DATASET EXCERPT -

--- START ---

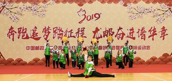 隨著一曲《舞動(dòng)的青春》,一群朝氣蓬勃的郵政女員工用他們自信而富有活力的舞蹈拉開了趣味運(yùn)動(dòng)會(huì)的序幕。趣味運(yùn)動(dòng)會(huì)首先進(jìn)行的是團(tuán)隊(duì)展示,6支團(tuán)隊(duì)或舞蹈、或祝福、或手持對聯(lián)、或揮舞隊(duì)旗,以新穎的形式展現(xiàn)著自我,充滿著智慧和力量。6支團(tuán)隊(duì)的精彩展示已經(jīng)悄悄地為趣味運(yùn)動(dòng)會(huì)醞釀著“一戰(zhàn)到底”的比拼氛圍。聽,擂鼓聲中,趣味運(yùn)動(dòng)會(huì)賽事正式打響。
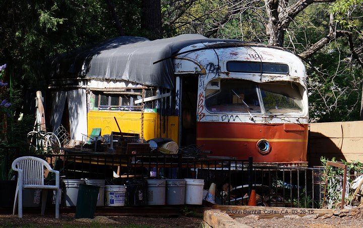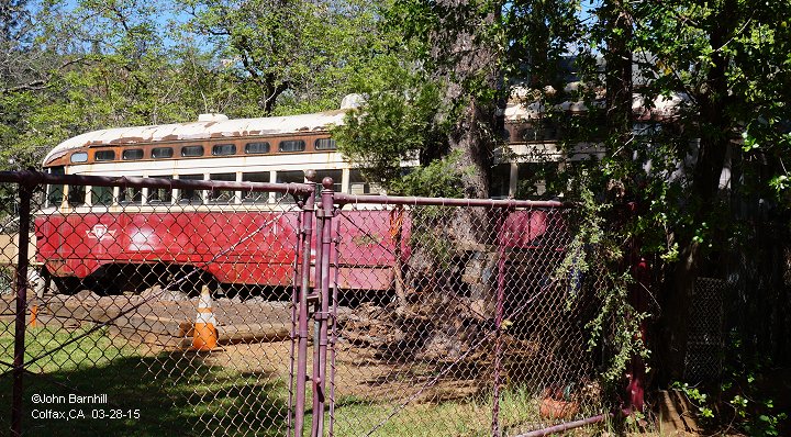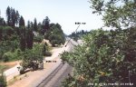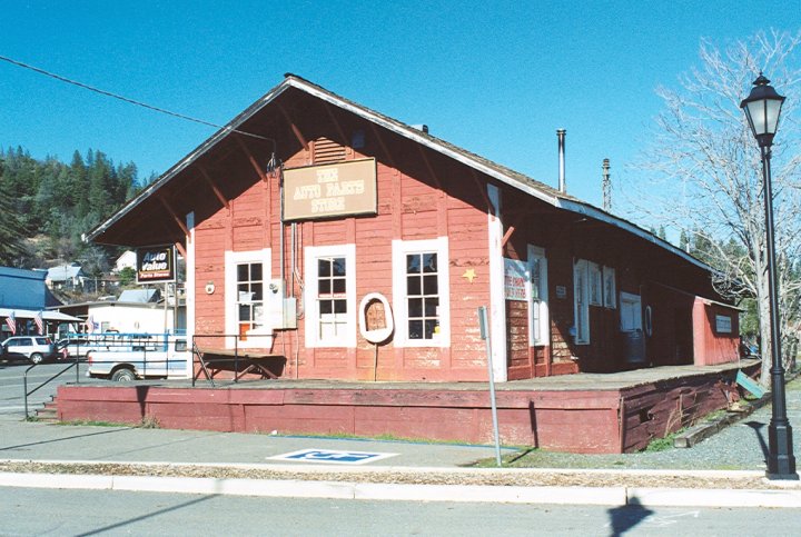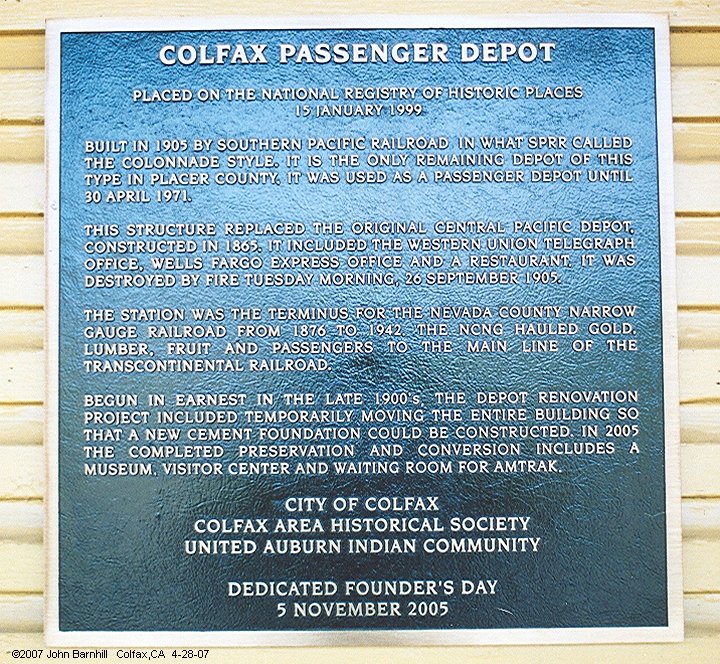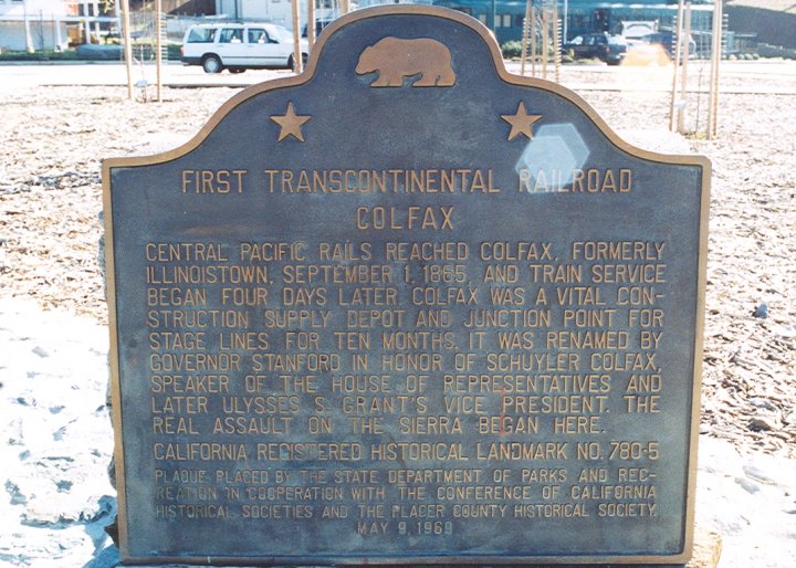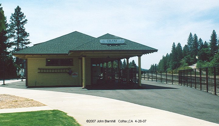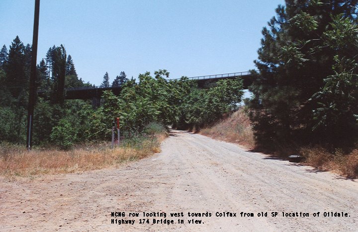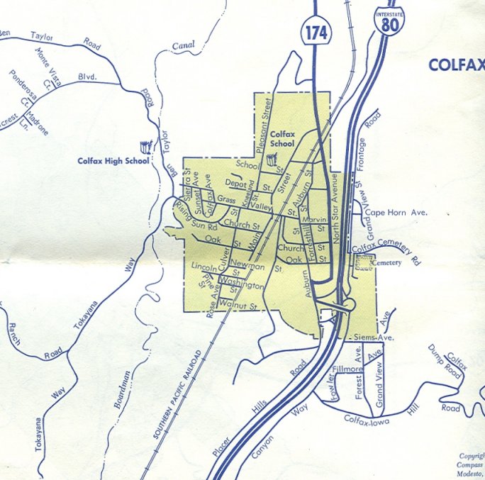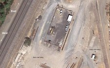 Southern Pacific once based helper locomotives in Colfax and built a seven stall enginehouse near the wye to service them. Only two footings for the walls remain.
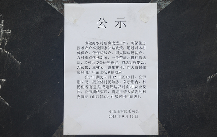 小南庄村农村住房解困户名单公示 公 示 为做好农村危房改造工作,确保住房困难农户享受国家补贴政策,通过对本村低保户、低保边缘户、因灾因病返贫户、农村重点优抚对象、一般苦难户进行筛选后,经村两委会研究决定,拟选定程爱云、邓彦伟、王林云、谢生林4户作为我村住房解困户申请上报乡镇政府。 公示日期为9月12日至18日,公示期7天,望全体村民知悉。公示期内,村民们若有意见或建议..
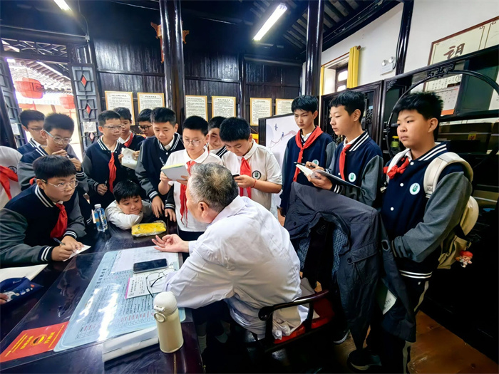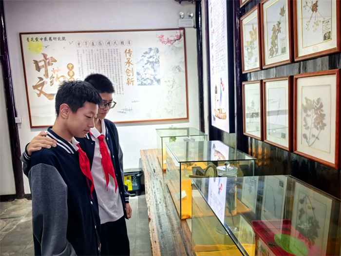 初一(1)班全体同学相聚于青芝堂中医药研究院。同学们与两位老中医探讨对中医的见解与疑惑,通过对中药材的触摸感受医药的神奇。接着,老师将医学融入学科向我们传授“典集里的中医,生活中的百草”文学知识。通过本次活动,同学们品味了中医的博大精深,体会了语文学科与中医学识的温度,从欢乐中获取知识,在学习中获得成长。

--- END ---

WHAT IS NEEDED - An exact reproduction of the material is needed, without its images.

ANSWER FOR THIS EXERCISE -
 隨著一曲《舞動(dòng)的青春》,一群朝氣蓬勃的郵政女員工用他們自信而富有活力的舞蹈拉開了趣味運(yùn)動(dòng)會(huì)的序幕。趣味運(yùn)動(dòng)會(huì)首先進(jìn)行的是團(tuán)隊(duì)展示,6支團(tuán)隊(duì)或舞蹈、或祝福、或手持對聯(lián)、或揮舞隊(duì)旗,以新穎的形式展現(xiàn)著自我,充滿著智慧和力量。6支團(tuán)隊(duì)的精彩展示已經(jīng)悄悄地為趣味運(yùn)動(dòng)會(huì)醞釀著“一戰(zhàn)到底”的比拼氛圍。聽,擂鼓聲中,趣味運(yùn)動(dòng)會(huì)賽事正式打響。
 Southern Pacific once based helper locomotives in Colfax and built a seven stall enginehouse near the wye to service them. Only two footings for the walls remain.
 小南庄村农村住房解困户名单公示 公 示 为做好农村危房改造工作,确保住房困难农户享受国家补贴政策,通过对本村低保户、低保边缘户、因灾因病返贫户、农村重点优抚对象、一般苦难户进行筛选后,经村两委会研究决定,拟选定程爱云、邓彦伟、王林云、谢生林4户作为我村住房解困户申请上报乡镇政府。 公示日期为9月12日至18日,公示期7天,望全体村民知悉。公示期内,村民们若有意见或建议..
 初一(1)班全体同学相聚于青芝堂中医药研究院。同学们与两位老中医探讨对中医的见解与疑惑,通过对中药材的触摸感受医药的神奇。接着,老师将医学融入学科向我们传授“典集里的中医,生活中的百草”文学知识。通过本次活动,同学们品味了中医的博大精深,体会了语文学科与中医学识的温度,从欢乐中获取知识,在学习中获得成长。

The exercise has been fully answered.